WORK ITEM -> From top to bottom, print the listing word for word and skip any pictures it contains.

PROVIDED ENTRIES ->

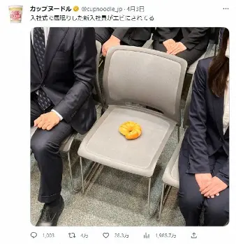 カップヌードル公式「入社式で居眠りした新入社員が…」まさかの姿に変身 約2000万表示の超バズリ!
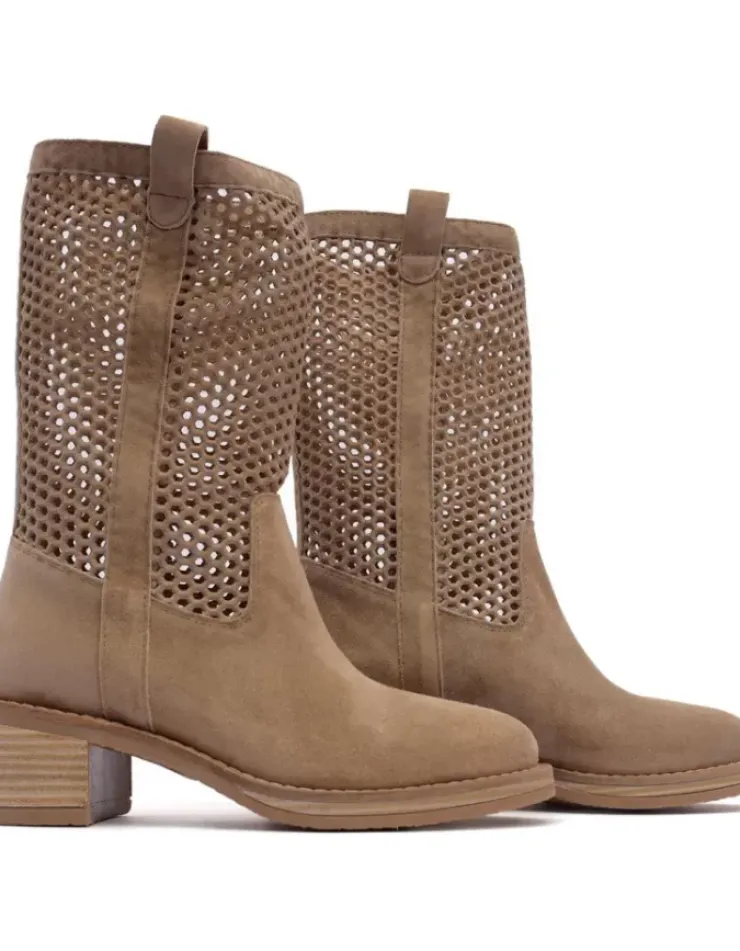 Bota Para Mujer Alpe Madame, Fabricada En Piel (Baby Silk) De Color Dessert Con Tacon De 5 Cm, Suela Antideslizante Y Puntera Redonda, Sin Cierre Y Cana Media.
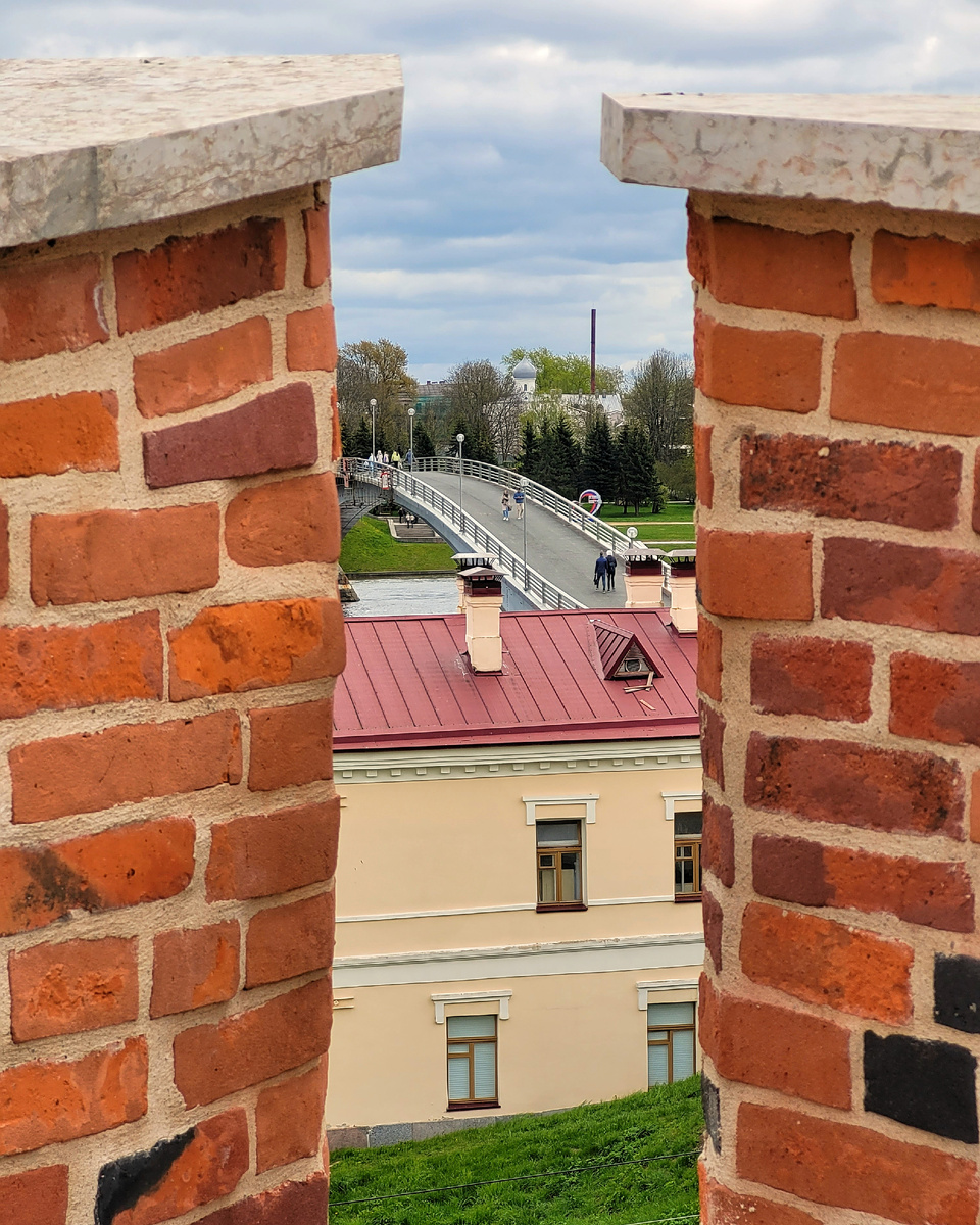 Новгородский кремль на Софийской стороне осмотрели — вот ссылка на статью — можно и на Торговую двигать. Конечно, по пешеходному мосту. Сейчас он именуется в народе Горбатым. А его деревянного предшественника называли Великим. Упоминается ещё в начале XII века — как главное место всех городских разборок. ...выясняли на мосту отношения и устраивали расправы. Ну а мы сейчас оттуда видами любуемся — впечатляют, куда ни погляди. И с «Уставшей туристкой» фоткаемся. Но это уже на Торговой стороне. Как же хороша на ней белоснежная аркада! Только она и сохранилась от старинного Гостиного двора. ...за неё и оценить, как смотрится Новгородский кремль сквозь изящные арки. А потом обернуться и присвистнуть. Храмы буквально друг на друге — их очень много. И сначала удивляешься — почему, вроде тут всего лишь торговали. Но начинаешь разбираться и понимаешь, что всё логичней некуда. ...в том числе как складские помещения. Потому что до XIX века только они и были в городе каменными. Остальные постройки
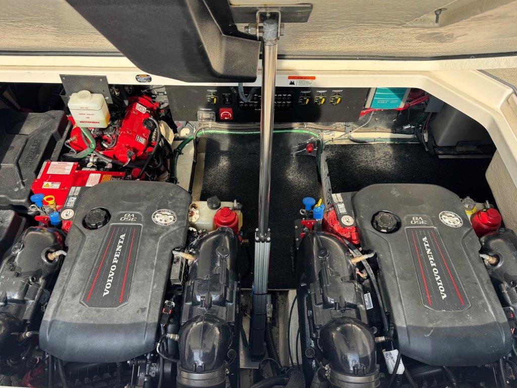 With only 214 hours on twin Volvo V8 350 DP CAT engines and just 100 hours on the 6.5kW Westerbeke Generator, she is completely dialed in and fully serviced – including both engines and generator – and ready to hit the water today. Powered by Joystick control for effortless docking and featuring a bow thruster, this Regal is designed for ease of operation and luxury performance.
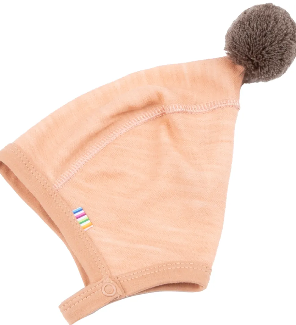 Flot Joha babyhjelm i en meleret fersken farve med en brun pompon på toppen.
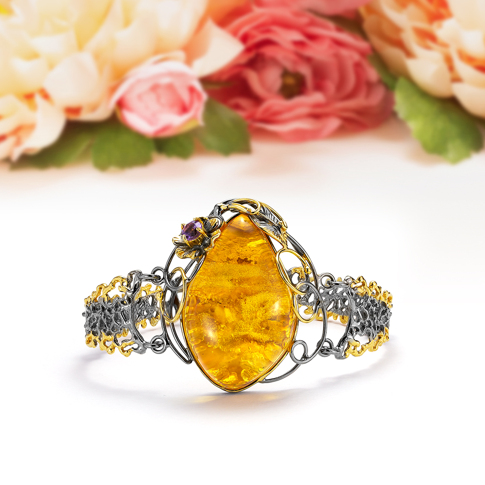 Серебряные браслеты с янтарем
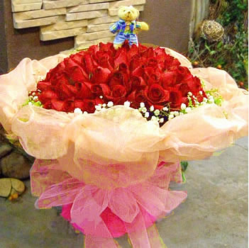 商品簡介:99支紅玫瑰+小熊 香檳色紗精美包裝 粉紅色大蝴蝶結裝飾
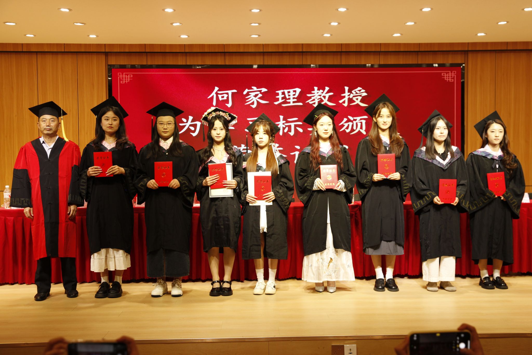 随后举行的学位授予仪式将典礼推向高潮。与会领导、教师代表为获得学士学位的毕业生拨正流苏、授予学位证书。
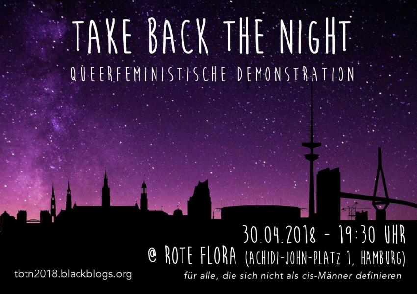 Am 30.04.2018 wollen wir uns in den Hamburger „Partyvierteln“ Schanze und Kiez symbolisch und praktisch die Nacht zurück erobern – die nächtlichen Straßen, die für viele Personen zu einem oftmals beschissenen Ort werden. Wir wollen uns gemeinsam mit allen die sich nicht als cis-Männer definieren in Momenten des Empowerments und der Solidarität kämpferisch Raum nehmen.
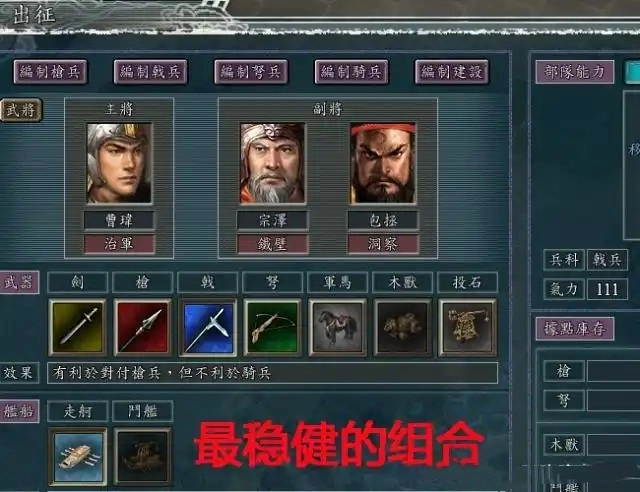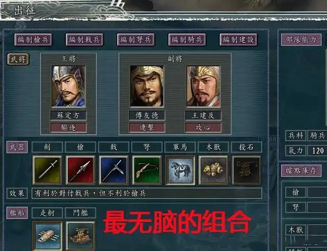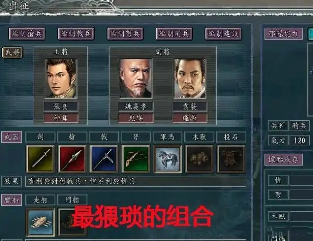 关于跑得最快的组合,小编觉得“强行+运筹+飞将”是最优选择。首先,强行特技能增加移动距离,飞将则可以无视ZOC和周围障碍物,这两个技能搭配起来速度已经很可观了。不过即便如此,一回合也只能行动一次。而运筹的作用就是让部队一回合能跑两次——行军时只要在空地上放个火计,就能触发第二次行动,这样才算把速度拉到极限。当然,把飞将换成遁走也是可行的。
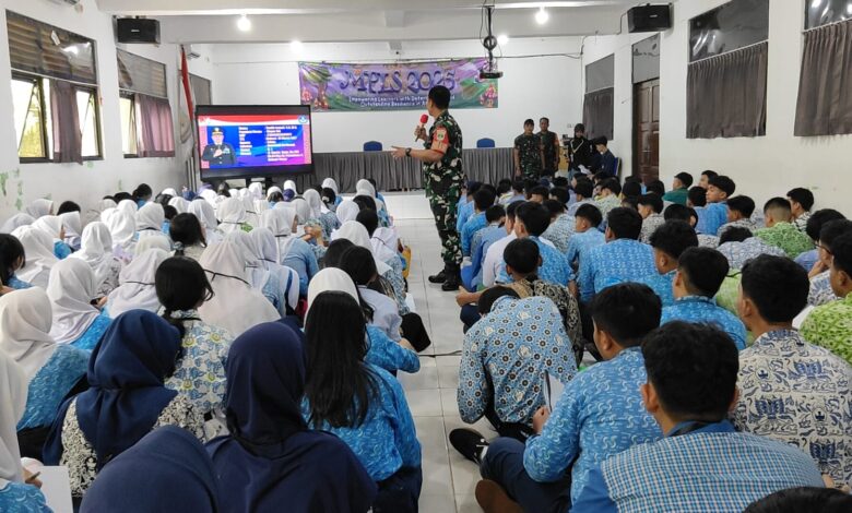 Kota Bekasi — Dalam rangka Masa Pengenalan Lingkungan Sekolah (MPLS) tahun ajaran baru 2025/2026 secara serentak di seluruh sekolah se-Jawa Barat, Danramil 01/Kranji Kodim 0507/Bekasi Mayor Inf Taufik Ismail memberikan pembekalan kepada para siswa baru SMAN 8 Kota Bekasi pada Selasa, 15 Juli 2025, pukul 07.00 WIB hingga selesai, bertempat di Jl. Irigasi No. 1, Kelurahan Pekayon Jaya, Kecamatan Bekasi Selatan, Kota Bekasi.

RESPONSE BELOW ->
 カップヌードル公式「入社式で居眠りした新入社員が…」まさかの姿に変身 約2000万表示の超バズリ!
 Bota Para Mujer Alpe Madame, Fabricada En Piel (Baby Silk) De Color Dessert Con Tacon De 5 Cm, Suela Antideslizante Y Puntera Redonda, Sin Cierre Y Cana Media.
 Новгородский кремль на Софийской стороне осмотрели — вот ссылка на статью — можно и на Торговую двигать. Конечно, по пешеходному мосту. Сейчас он именуется в народе Горбатым. А его деревянного предшественника называли Великим. Упоминается ещё в начале XII века — как главное место всех городских разборок. ...выясняли на мосту отношения и устраивали расправы. Ну а мы сейчас оттуда видами любуемся — впечатляют, куда ни погляди. И с «Уставшей туристкой» фоткаемся. Но это уже на Торговой стороне. Как же хороша на ней белоснежная аркада! Только она и сохранилась от старинного Гостиного двора. ...за неё и оценить, как смотрится Новгородский кремль сквозь изящные арки. А потом обернуться и присвистнуть. Храмы буквально друг на друге — их очень много. И сначала удивляешься — почему, вроде тут всего лишь торговали. Но начинаешь разбираться и понимаешь, что всё логичней некуда. ...в том числе как складские помещения. Потому что до XIX века только они и были в городе каменными. Остальные постройки
 With only 214 hours on twin Volvo V8 350 DP CAT engines and just 100 hours on the 6.5kW Westerbeke Generator, she is completely dialed in and fully serviced – including both engines and generator – and ready to hit the water today. Powered by Joystick control for effortless docking and featuring a bow thruster, this Regal is designed for ease of operation and luxury performance.
 Flot Joha babyhjelm i en meleret fersken farve med en brun pompon på toppen.
 Серебряные браслеты с янтарем
 商品簡介:99支紅玫瑰+小熊 香檳色紗精美包裝 粉紅色大蝴蝶結裝飾
 随后举行的学位授予仪式将典礼推向高潮。与会领导、教师代表为获得学士学位的毕业生拨正流苏、授予学位证书。
 Am 30.04.2018 wollen wir uns in den Hamburger „Partyvierteln“ Schanze und Kiez symbolisch und praktisch die Nacht zurück erobern – die nächtlichen Straßen, die für viele Personen zu einem oftmals beschissenen Ort werden. Wir wollen uns gemeinsam mit allen die sich nicht als cis-Männer definieren in Momenten des Empowerments und der Solidarität kämpferisch Raum nehmen.
 关于跑得最快的组合,小编觉得“强行+运筹+飞将”是最优选择。首先,强行特技能增加移动距离,飞将则可以无视ZOC和周围障碍物,这两个技能搭配起来速度已经很可观了。不过即便如此,一回合也只能行动一次。而运筹的作用就是让部队一回合能跑两次——行军时只要在空地上放个火计,就能触发第二次行动,这样才算把速度拉到极限。当然,把飞将换成遁走也是可行的。
 Kota Bekasi — Dalam rangka Masa Pengenalan Lingkungan Sekolah (MPLS) tahun ajaran baru 2025/2026 secara serentak di seluruh sekolah se-Jawa Barat, Danramil 01/Kranji Kodim 0507/Bekasi Mayor Inf Taufik Ismail memberikan pembekalan kepada para siswa baru SMAN 8 Kota Bekasi pada Selasa, 15 Juli 2025, pukul 07.00 WIB hingga selesai, bertempat di Jl. Irigasi No. 1, Kelurahan Pekayon Jaya, Kecamatan Bekasi Selatan, Kota Bekasi.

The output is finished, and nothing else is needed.